From owner-freebsd-hackers  Fri Oct 18 11:35:57 2002
Delivered-To: freebsd-hackers@freebsd.org
Received: from mx1.FreeBSD.org (mx1.freebsd.org [216.136.204.125])
	by hub.freebsd.org (Postfix) with ESMTP
	id 2A7F037B404; Fri, 18 Oct 2002 11:35:55 -0700 (PDT)
Received: from apollo.backplane.com (apollo.backplane.com [216.240.41.2])
	by mx1.FreeBSD.org (Postfix) with ESMTP
	id 81D4643EAC; Fri, 18 Oct 2002 11:35:54 -0700 (PDT)
	(envelope-from dillon@apollo.backplane.com)
Received: from apollo.backplane.com (localhost [127.0.0.1])
	by apollo.backplane.com (8.12.5/8.12.4) with ESMTP id g9IIZsPQ061971;
	Fri, 18 Oct 2002 11:35:54 -0700 (PDT)
	(envelope-from dillon@apollo.backplane.com)
Received: (from dillon@localhost)
	by apollo.backplane.com (8.12.5/8.12.4/Submit) id g9IIZsBX061970;
	Fri, 18 Oct 2002 11:35:54 -0700 (PDT)
	(envelope-from dillon)
Date: Fri, 18 Oct 2002 11:35:54 -0700 (PDT)
From: Matthew Dillon <dillon@apollo.backplane.com>
Message-Id: <200210181835.g9IIZsBX061970@apollo.backplane.com>
To: Maxim Sobolev <sobomax@FreeBSD.org>
Cc: hackers@FreeBSD.org
Subject: Re: Patch to allow a driver to report unrecoverable write errors to the buf layer
References: <3DB048B5.21097613@FreeBSD.org> <200210181807.g9II7cBY024485@apollo.backplane.com> <3DB0516F.9BE00F57@FreeBSD.org>
Sender: owner-freebsd-hackers@FreeBSD.ORG
Precedence: bulk
List-ID: <freebsd-hackers.FreeBSD.ORG>
List-Archive: <http://docs.freebsd.org/mail/> (Web Archive)
List-Help: <mailto:majordomo@FreeBSD.ORG?subject=help> (List Instructions)
List-Subscribe: <mailto:majordomo@FreeBSD.ORG?subject=subscribe%20freebsd-hackers>
List-Unsubscribe: <mailto:majordomo@FreeBSD.ORG?subject=unsubscribe%20freebsd-hackers>
X-Loop: FreeBSD.ORG


:> :
:> :There is a very easy way to trigger the problem: insert blank floppy
:> :...
:> 
:>     Your patch looks slightly incomplete to me, but the concept is reasonable.
:>     The BIO_NORETRY test that sets B_INVAL should probably be done in
:>     brelse(), not in bufwait().  It is the code in brelse() that actually
:>     does the re-dirtying of the buffer in case of a write-error.
:
:Ah, actually I've initially put it into brelse() but then reconsidered
:a decision and moved it down into bufwait(). I'll move it back. ;)

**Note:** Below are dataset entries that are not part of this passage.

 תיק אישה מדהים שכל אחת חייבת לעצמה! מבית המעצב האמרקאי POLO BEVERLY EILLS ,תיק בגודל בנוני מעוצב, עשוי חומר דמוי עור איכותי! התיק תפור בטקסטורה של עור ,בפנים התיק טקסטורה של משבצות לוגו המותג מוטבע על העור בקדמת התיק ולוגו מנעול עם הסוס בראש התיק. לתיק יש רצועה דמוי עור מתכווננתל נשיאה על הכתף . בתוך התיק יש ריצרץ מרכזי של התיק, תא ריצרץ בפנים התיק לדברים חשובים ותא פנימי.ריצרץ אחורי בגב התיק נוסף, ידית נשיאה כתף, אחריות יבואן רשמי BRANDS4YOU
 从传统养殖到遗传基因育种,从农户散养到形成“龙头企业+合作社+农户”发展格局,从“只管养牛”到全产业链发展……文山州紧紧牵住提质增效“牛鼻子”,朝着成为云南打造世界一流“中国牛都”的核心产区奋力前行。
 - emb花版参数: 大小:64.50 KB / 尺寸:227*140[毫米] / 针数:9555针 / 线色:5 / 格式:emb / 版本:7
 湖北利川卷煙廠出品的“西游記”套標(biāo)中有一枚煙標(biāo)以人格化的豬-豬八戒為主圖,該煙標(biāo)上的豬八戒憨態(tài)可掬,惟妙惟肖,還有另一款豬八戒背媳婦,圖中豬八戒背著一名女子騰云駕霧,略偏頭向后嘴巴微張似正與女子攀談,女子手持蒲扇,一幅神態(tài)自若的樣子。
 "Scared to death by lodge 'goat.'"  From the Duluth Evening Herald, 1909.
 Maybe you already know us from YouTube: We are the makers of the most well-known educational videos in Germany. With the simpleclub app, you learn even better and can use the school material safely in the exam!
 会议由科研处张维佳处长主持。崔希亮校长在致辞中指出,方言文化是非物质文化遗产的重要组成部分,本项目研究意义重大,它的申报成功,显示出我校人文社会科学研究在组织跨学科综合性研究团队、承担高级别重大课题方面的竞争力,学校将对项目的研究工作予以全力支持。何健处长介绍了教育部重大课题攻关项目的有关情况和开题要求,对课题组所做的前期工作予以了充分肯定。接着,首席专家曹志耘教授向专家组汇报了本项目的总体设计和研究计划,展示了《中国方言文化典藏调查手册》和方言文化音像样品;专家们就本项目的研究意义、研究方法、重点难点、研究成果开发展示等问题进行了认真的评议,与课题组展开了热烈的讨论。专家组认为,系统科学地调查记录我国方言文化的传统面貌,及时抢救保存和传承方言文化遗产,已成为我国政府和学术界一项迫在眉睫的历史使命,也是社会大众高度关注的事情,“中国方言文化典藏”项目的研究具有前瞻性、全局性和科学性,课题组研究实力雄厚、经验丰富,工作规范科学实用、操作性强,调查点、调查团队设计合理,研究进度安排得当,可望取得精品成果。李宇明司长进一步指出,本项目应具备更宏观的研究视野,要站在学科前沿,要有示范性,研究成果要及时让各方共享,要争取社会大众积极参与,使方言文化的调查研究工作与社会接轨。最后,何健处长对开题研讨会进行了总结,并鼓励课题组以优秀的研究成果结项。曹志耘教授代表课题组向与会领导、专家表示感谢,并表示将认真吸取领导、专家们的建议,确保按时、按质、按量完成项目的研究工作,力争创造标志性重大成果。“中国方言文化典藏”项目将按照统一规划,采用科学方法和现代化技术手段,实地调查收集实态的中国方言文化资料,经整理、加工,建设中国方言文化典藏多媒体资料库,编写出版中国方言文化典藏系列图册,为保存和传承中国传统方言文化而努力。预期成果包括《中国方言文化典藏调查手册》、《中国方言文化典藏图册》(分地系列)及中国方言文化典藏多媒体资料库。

    Heh heh.  Well, it seems to me that since it is the BUF abstraction
    that has the error check / redirtying / retry code, then the BUF
    abstraction should probably be responsible for the no-retry case as
    well.  The BIO abstraction is really designed to hold an I/O operation,
    not really to hold meta operations.  You could still specify a BIO
    flag for it since it's a media hack of sorts, but the BUF code should
    be responsible for processing it.

    I dunno about a formal abstraction.  We need to differentiate between
    media which can and cannot remap blocks.  A 'perfect' solution
    would be far more complex.  File data blocks would have to be
    remapped at the filesystem level and meta-data would have to be 
    invalidated in-core (bitmap, inode blocks with write errors), and
    the filesystem would have to be marked dirty on unmount.  Then unmount
    could safely destroy the buffers representing the write-error'd meta
    data. 

    The VFS layer would definitely need to be involved.  We have the
    advantage in that the buffer cache is already logically mapped, but
    it would still be a fairly sophisticated piece of work.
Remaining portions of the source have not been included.